WHAT TO PRODUCE.
When you return the lines below, go from the first through the line with "are a litmus", keep them exact, and leave out every picture.

PROVIDED RECORDS.
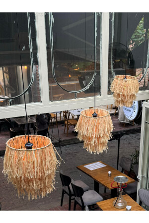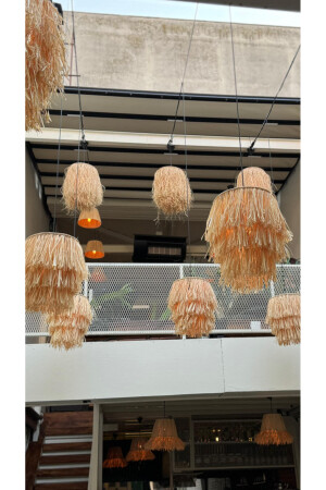مصباح معلق مزقق من طراز MNZ Raffia Wicker Decorative Pendant Lamp Chandelier M221
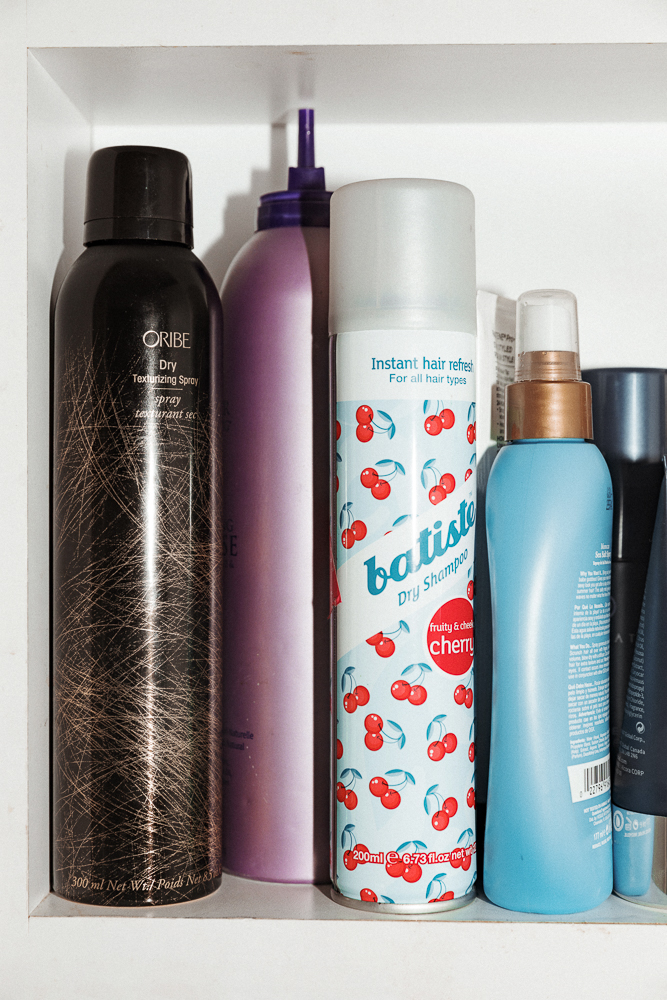 My hair is naturally curly—I’ve spent my whole life straightening it to look more “Asian” for shoots. You could also say my hair doesn’t make sense—the under bit is fro-like, the top bit is almost straight, and the middle bit is curly. I’ve only just started to wear my hair in its natural state. There’s this new brand called Monat that I just tried and it’s amazing. The shampoo makes you feel so clean. The conditioner is great, too, and a dime-size goes a long way. They’ve also got a split end recovery serum. I use the Oribe Texturizing Spray in the black bottle—it smells unbelievable, and you just want to spray it in your hair every day.
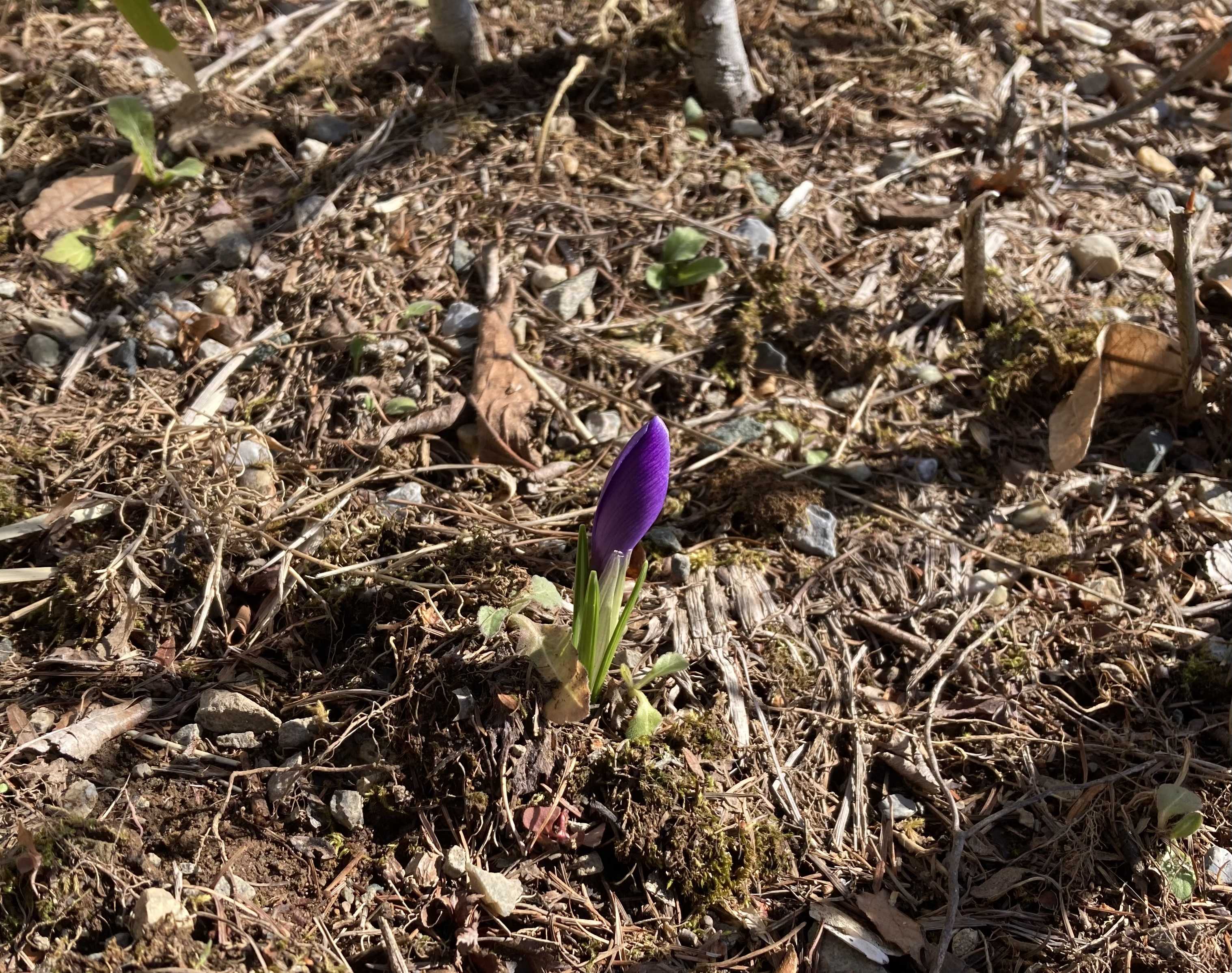 植えた覚えのないクロッカスが出てきた。エサの取れない冬の間だけエサをやっている鳥の恩返し?と思うことにする(クロッカスはタネもできるそうなので)
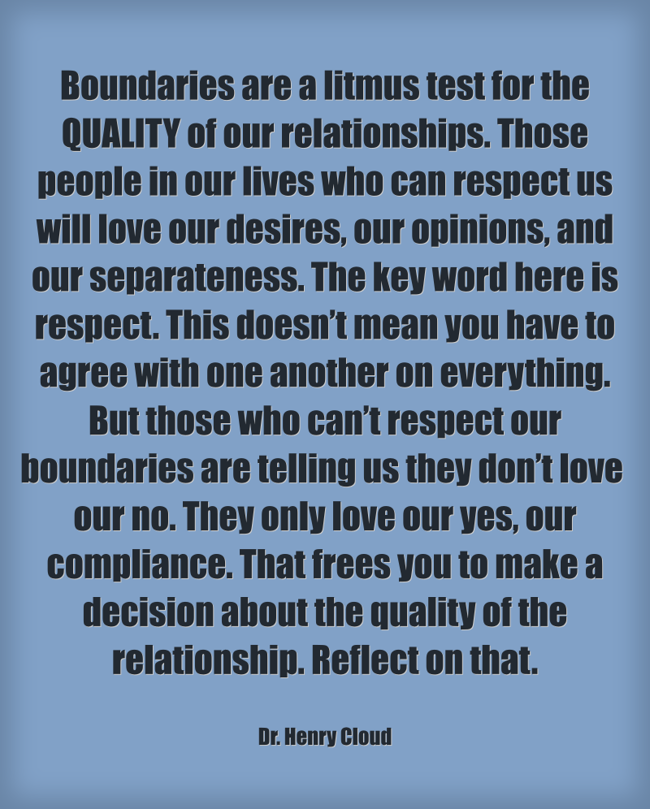 "Boundaries are a litmus test for the QUALITY of our relationships. Those people in our lives who can respect us will love our desires, our opinions, and our separateness. The key word here is respect. This doesn’t mean you have to agree with one another on everything. But those who can’t respect our boundaries are telling us they don’t love our no. They only love our yes, our compliance. That frees you to make a decision about the quality of the relationship. Reflect on that."
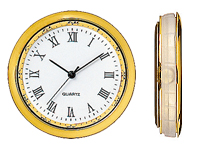 miniQuartz-mini separate movements in various designs. All movements are fully assembled and are designed to be fitted in. Subgroups model MA Gold- or nickel-plated case, white dial with Roman numerals. Simple to install with flexible rubber fixing ring.Installation: 23,5 - 24,5 mmInstallation depth: min. 5.5 mm nameoutside-Øglass edgeClock-facemodelitem No.insertion movements mini25,2mmyellowRomanMA105030insertion movements mini25,2mmwhiteRomanMA105032 Model BM Gold- or nickel-plated case, white dial with Roman or Arabic numerals. Simple to install with flexible rubber fixing ring.Installation: 34,5 - 36,5 mmInstallation depth: min. 6.5 mm nameoutside-Øglass edgeClock-facemodelitem No.insertion movements mini36,5mmyellowRomanBM105040insertion movements mini36,5mmwhiteRomanBM105042insertion movements mini36,5mmyellowArabicBM105044 model MC Gold- or nickel-plated case, white dial with Arabic numerals. Simple to install with flexible rubber fixing ring.Installation: 46,0 - 47,0 mmInstallation depth: min. 7.5 mm nameoutside-Øglass edgeClock-facemodelitem No.insertion movements mini50,0mmyellowArabicMC105035insertion movements mini50,0mmwhiteArabicMC105037
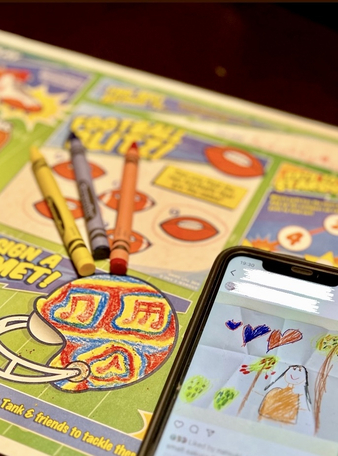キッズメニューには、こうやって塗り絵やクイズ付きの紙が付いてくるのは日本と似ていますね。
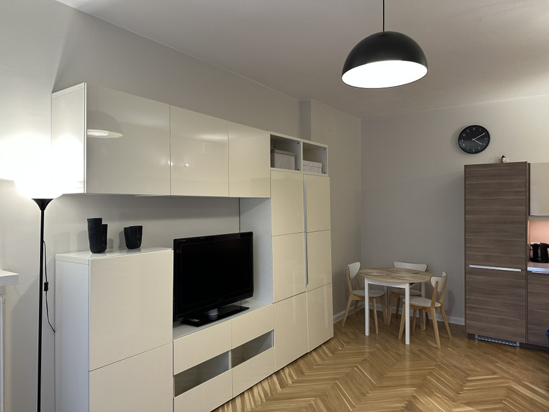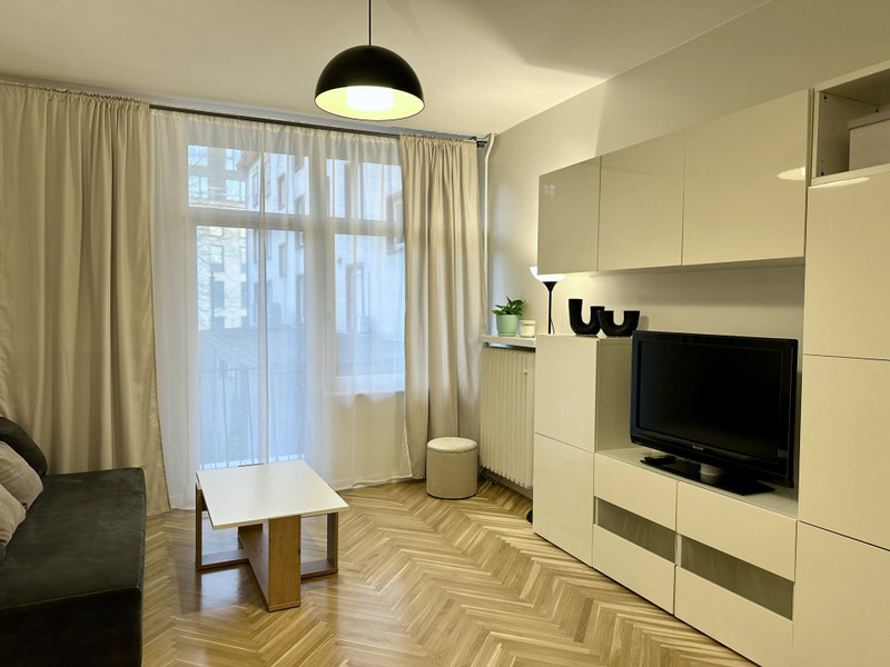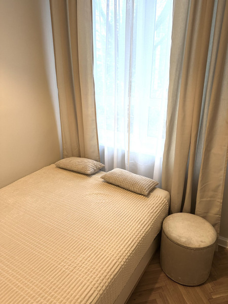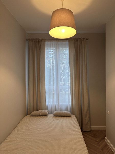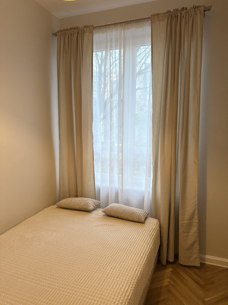 I p. 36 m2, sypialnia, salon z aneksem kuchennym – w pełni wyposażona kuchnia, przedpokój, łazienka, balkon, umeblowane, sprzęt AGD, ogrzewanie miejskie. Widok z okna na teren zielony.
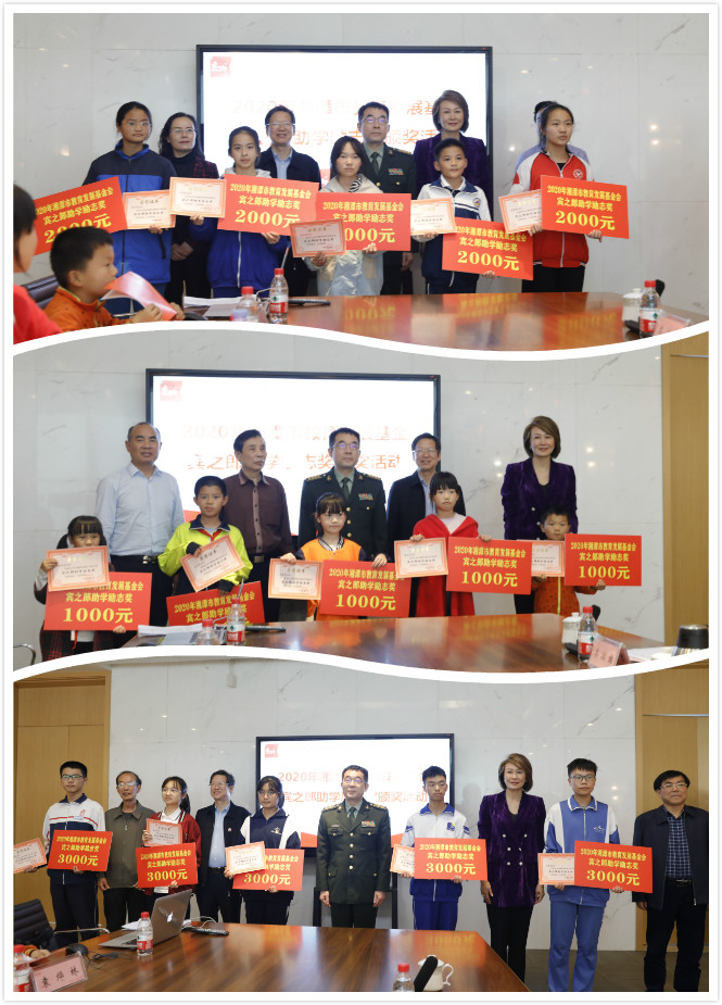 湘潭市政協副主席周佩珞宣讀《關于表彰2020年湘潭市教育發展基金·賓之郎助學勵志獎獲獎學生通報》,2020年,共有349名同學獲得“賓之郎·助學勵志獎”表彰獎勵。他表示,希望獲獎同學以堅強的意志,砥礪奮斗,處逆境而立志成才;也希望廣大中小學生以獲獎學生為榜樣,樹立遠大理想,發奮學習,做有理想、有志向、有擔當的新時代好少年,為實現中華民族偉大復興而拼搏奮進。

OUTPUT OF THE TASK.
مصباح معلق مزقق من طراز MNZ Raffia Wicker Decorative Pendant Lamp Chandelier M221
 My hair is naturally curly—I’ve spent my whole life straightening it to look more “Asian” for shoots. You could also say my hair doesn’t make sense—the under bit is fro-like, the top bit is almost straight, and the middle bit is curly. I’ve only just started to wear my hair in its natural state. There’s this new brand called Monat that I just tried and it’s amazing. The shampoo makes you feel so clean. The conditioner is great, too, and a dime-size goes a long way. They’ve also got a split end recovery serum. I use the Oribe Texturizing Spray in the black bottle—it smells unbelievable, and you just want to spray it in your hair every day.
 植えた覚えのないクロッカスが出てきた。エサの取れない冬の間だけエサをやっている鳥の恩返し?と思うことにする(クロッカスはタネもできるそうなので)
 "Boundaries are a litmus test for the QUALITY of our relationships. Those people in our lives who can respect us will love our desires, our opinions, and our separateness. The key word here is respect. This doesn’t mean you have to agree with one another on everything. But those who can’t respect our boundaries are telling us they don’t love our no. They only love our yes, our compliance. That frees you to make a decision about the quality of the relationship. Reflect on that."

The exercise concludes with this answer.